INPUT DATA.
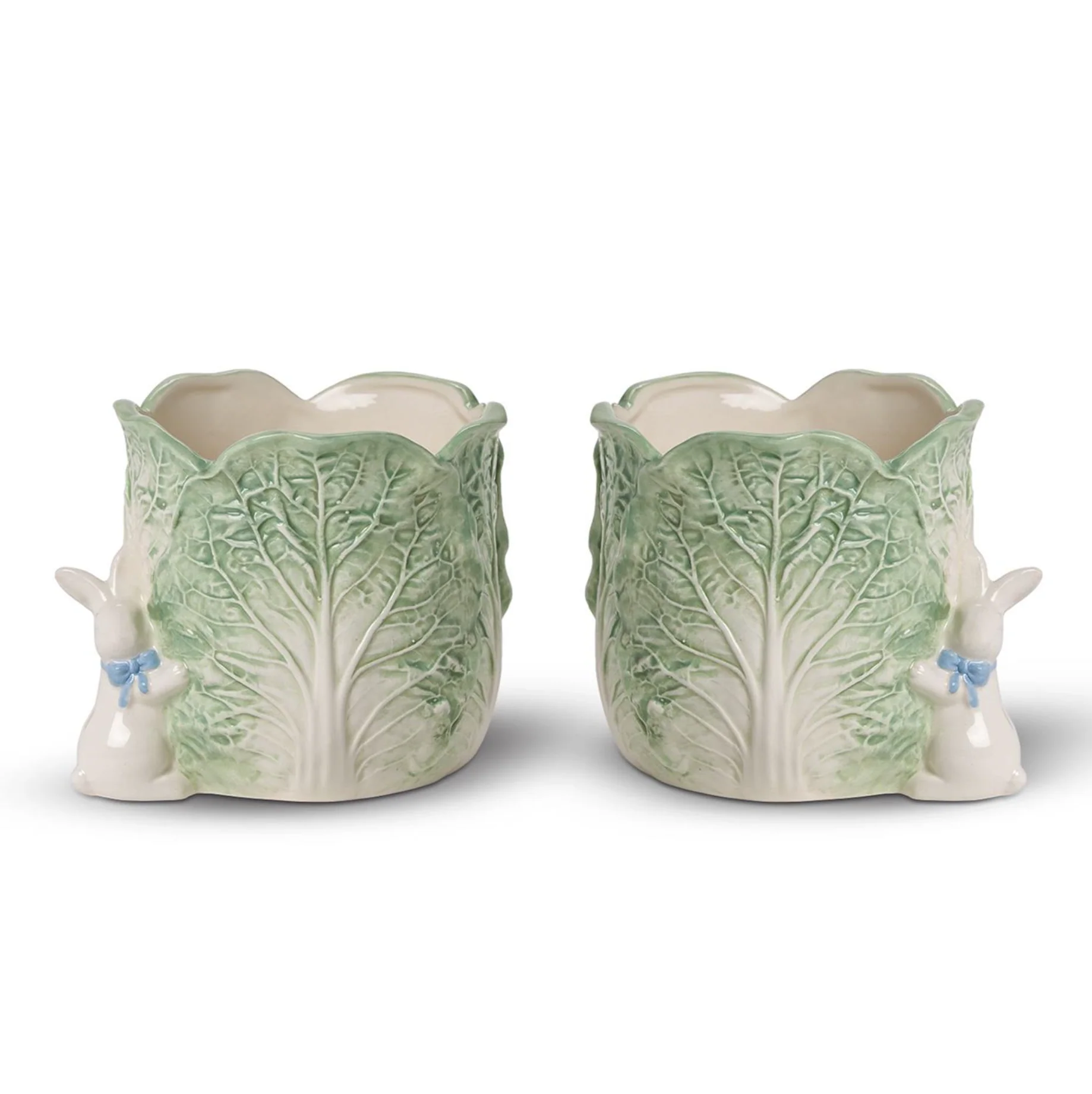 Crafted from ceramic, this adorable bunny figurine holds a cabbage-shaped planter featuring realistic textured detailing that brings seasonal charm to any space.
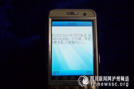 3月31日下午4點(diǎn)40分,瀘州市江陽(yáng)區(qū)北城派出所接到群眾報(bào)警稱,一家商行女老板遭遇一個(gè)帶內(nèi)江口音的男子恐嚇:“3000元買你一只手臂,等你的手臂不動(dòng)了,你就知道我是誰了!蹦壳,警方已介入調(diào)查。是為情所困,還是因財(cái)生異,亦或另有隱情?
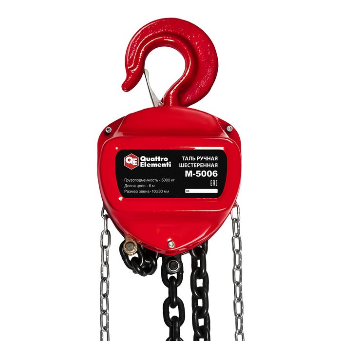 Таль ручная QUATTRO ELEMENTI M-5006 (5000 кг, цепь 6 м) (922-951) - цена, фото, технические характеристики

PROBLEM DETAILS. Would you restate word for word only the lines from the one containing "3月31日下午4點(diǎn" to the final line of the material, both ends included, without any pictures?

RESPONSE TO THIS EXERCISE.
 3月31日下午4點(diǎn)40分,瀘州市江陽(yáng)區(qū)北城派出所接到群眾報(bào)警稱,一家商行女老板遭遇一個(gè)帶內(nèi)江口音的男子恐嚇:“3000元買你一只手臂,等你的手臂不動(dòng)了,你就知道我是誰了!蹦壳,警方已介入調(diào)查。是為情所困,還是因財(cái)生異,亦或另有隱情?
 Таль ручная QUATTRO ELEMENTI M-5006 (5000 кг, цепь 6 м) (922-951) - цена, фото, технические характеристики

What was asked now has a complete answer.